T.Z.P. is issue-based, problem-solving, a bit charisma-seeking, occasionally preachy, frequently imbalanced and yet profoundly touching. It has no great messages (thats one of the good things). It just reminds that there are always children who’d simply love and enjoy not doing the fruitful and the result-oriented. They might love to watch young birdies in their nest or the train of ants carrying food or a bee struggling out of water or the little kitten trying to climb the tree and falling every time or a rainbow in the little water supplies meandring in the backyard-garden. Ishaan doesn’t do most of these things, except the first one. I did all of them. But he does hundred other similar things. I should not forget though that there is also a BIG difference between two of us. He is a dyslexic kid. And one more difference, a BIGGER one: Ishaan paints what he likes. I drew and painted what would fetch appreciation of my papa=what was in the syllabus. In that sense, I am still a bit of my former self. Now, I either don’t paint or don’t know what to paint?
He doesn’t ‘want’ to paint, it comes from within as his only communication with the world. I have developed a thousand other silly ways of communicating with the world. I still ‘want’ to paint. I type ‘want’and the word starts playing…has it become a want?
But lets not be swayed by the heavy pathos or nostalgia of an unlived past. As I said earlier, T.Z.P. also reminded that I wasn’t very unhappy not being this/that smart; I wasn’t very unhappy not painting! Yes! Its in retrospect, after studying and competing for so long that I have started missing it ; after finding my thousand silly ways I have started missing one way that I didn’t tread.
But there was music too. More than painting and much closer. And there were animals! The lost dogs of my childhood - Sandy and Lucy, the rabbits, the parrots, and the paradise itself – ‘raj vihar’. My childhood was torn into two me-s, the papa-side me and the mumma-side me. Papa side - all very punctuated, and year long, round the clock, round the calendar, round the school sessions. mumma side – irregular, wild, and holidayish and,alas, brief. I grew on my papa-side and I un-grew on mumma-side. I learned at home/school and I unlearned at a ‘vihar’. But papa-side took over! Or did it really? I would be into one course and out of another. I’d quickly master a subject only to forget it happily and even quicker. I would have an ‘enviable’ score sheet which would make everybody, papa first and most of all, proud of me but not me; it would leave me more empty and dry inside. And again, lets not be swayed by this increasingly heavier pathos. I found thousand, ‘other’, ‘silly’ ways and I love(d) many of them! (I love teaching and I love being effective as a teacher.
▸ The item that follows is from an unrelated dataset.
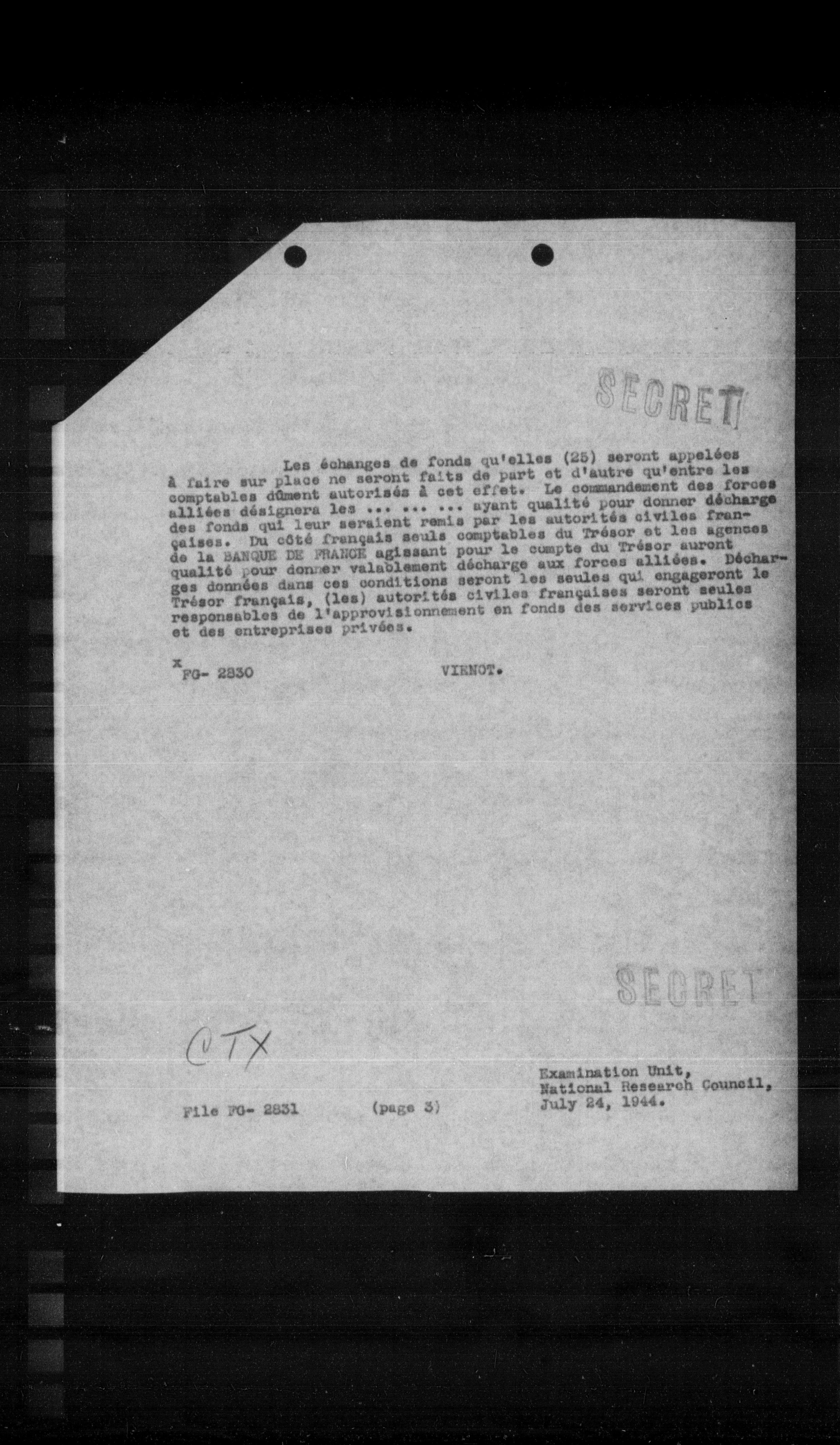 à faire sur place ne seront faits de part et d'autre qu'entre les comptables cûment autorisés à cet effet. Le commandement des forces alliées désignera les ...... ayant qualité pour donner décharge des fonds qui leur seraient remis par les autorités civiles françaises. Du côté français seuls comptables du Trésor et les agences de la SARGUE DE FRANCE agissant pour le compte du Trésor auront qualité pour donner valablement décharge aux forces alliées. Déchargez données dans ces conditions seront les seules qui engageront le Trésor français, (les) autorités civiles françaises seront seules responsables de l'approvisionnement en fonds des services publics et des entreprises privées.

I am ready to learn, even study, more of this art.)
I ended up studying four languages, literature, computer programming, journalism and mass communication, interior decoration, foreign trade, economics and am also a proud management drop-out - my MBA lasted one month and a few happier days (it was like Ishaan’s boarding school, just that I was 20 then). Two masters, one bachelors (just one!), one diploma, four certificate courses and a presently pursuing doctoral (the tail of the devil, if hopefully it’s the tail finally). And I must say there were odd times when I enjoyed doing some of these things. And more than that, through all these, I intensified my love of all that I couldn’t or didn’t do. I am grateful to all my academics for mostly remaining the exact opposite of what I missed. Had it been equally or at least compensatorily exciting and luring, I’d have forgotten all that was behind.
But what now? Is all that lost forever? All my long years have surely made me more understanding of what I am made of or not made of. Or am I still not very sure? Maybe, may be not. What is sure is : I am definitely not what my profile says I am.